**Task to complete**
Word for word, restate the data that follows, omitting the images.

**Supplied information**

■ ■ ■ ■ ■ ■ ■

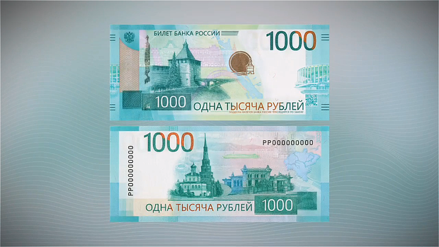 New 1.000 and 5.000 rubles banknotes were presented in Russia. Nizhny Novgorod is pictured on the front side of the first note. The Syuyumbike Tower is on the other side.
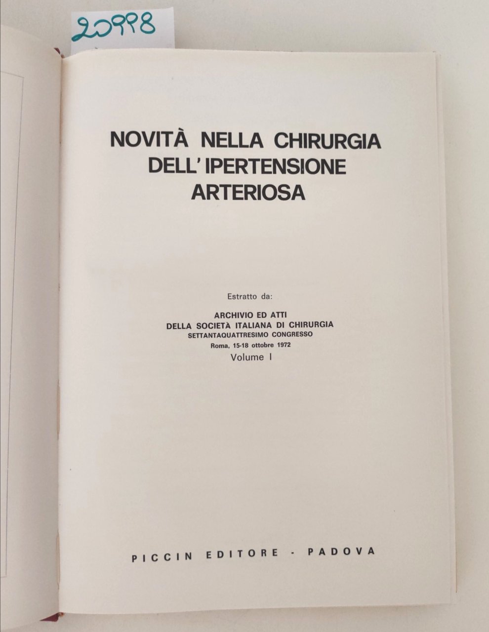 Novità nella chirurgia dell'ipertensione arteriosa estratto 1972 Piccinin editore
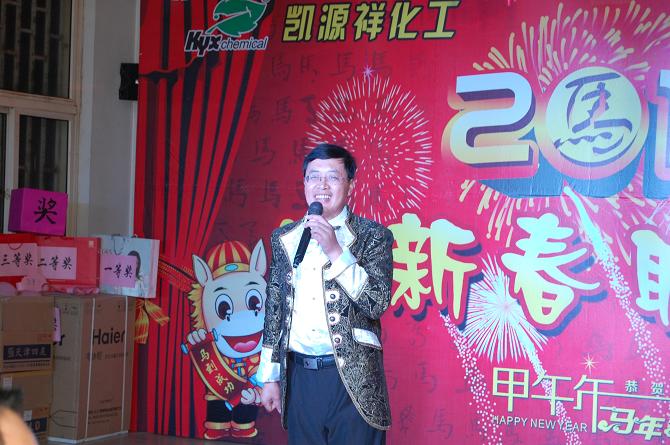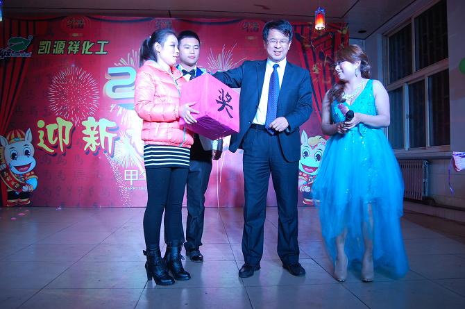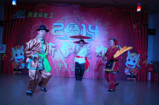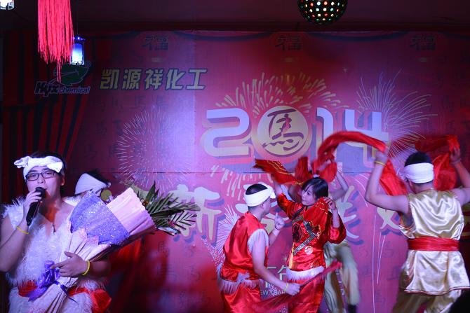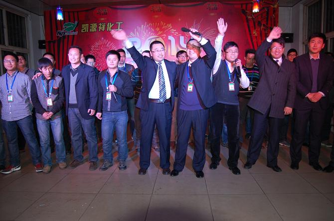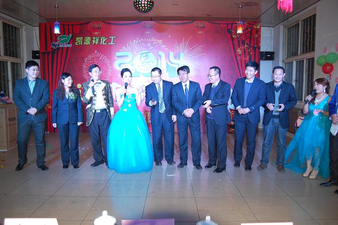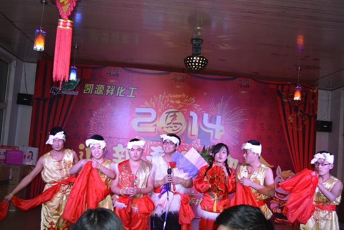 伴随着2013年的脚步,我们也即将迎来新的一年——2014年。你看!大街小巷都在为新春而忙碌准备着。在这辞旧迎新之际,我公司为感谢董事长及各位同事的支持,为庆祝大家2013年的战绩,在农历腊月二十这一天,董事长王玉亭先生与管委会成员以及一直在一线默默贡献的生产工人、常年在外奔波的销售将士们欢聚在青岛凯源祥化工有限公司,举办了一年一度的迎春晚会。

■ ■ ■ ■ ■ ■ ■

**Solution for this exercise**
 New 1.000 and 5.000 rubles banknotes were presented in Russia. Nizhny Novgorod is pictured on the front side of the first note. The Syuyumbike Tower is on the other side.
 Novità nella chirurgia dell'ipertensione arteriosa estratto 1972 Piccinin editore
 伴随着2013年的脚步,我们也即将迎来新的一年——2014年。你看!大街小巷都在为新春而忙碌准备着。在这辞旧迎新之际,我公司为感谢董事长及各位同事的支持,为庆祝大家2013年的战绩,在农历腊月二十这一天,董事长王玉亭先生与管委会成员以及一直在一线默默贡献的生产工人、常年在外奔波的销售将士们欢聚在青岛凯源祥化工有限公司,举办了一年一度的迎春晚会。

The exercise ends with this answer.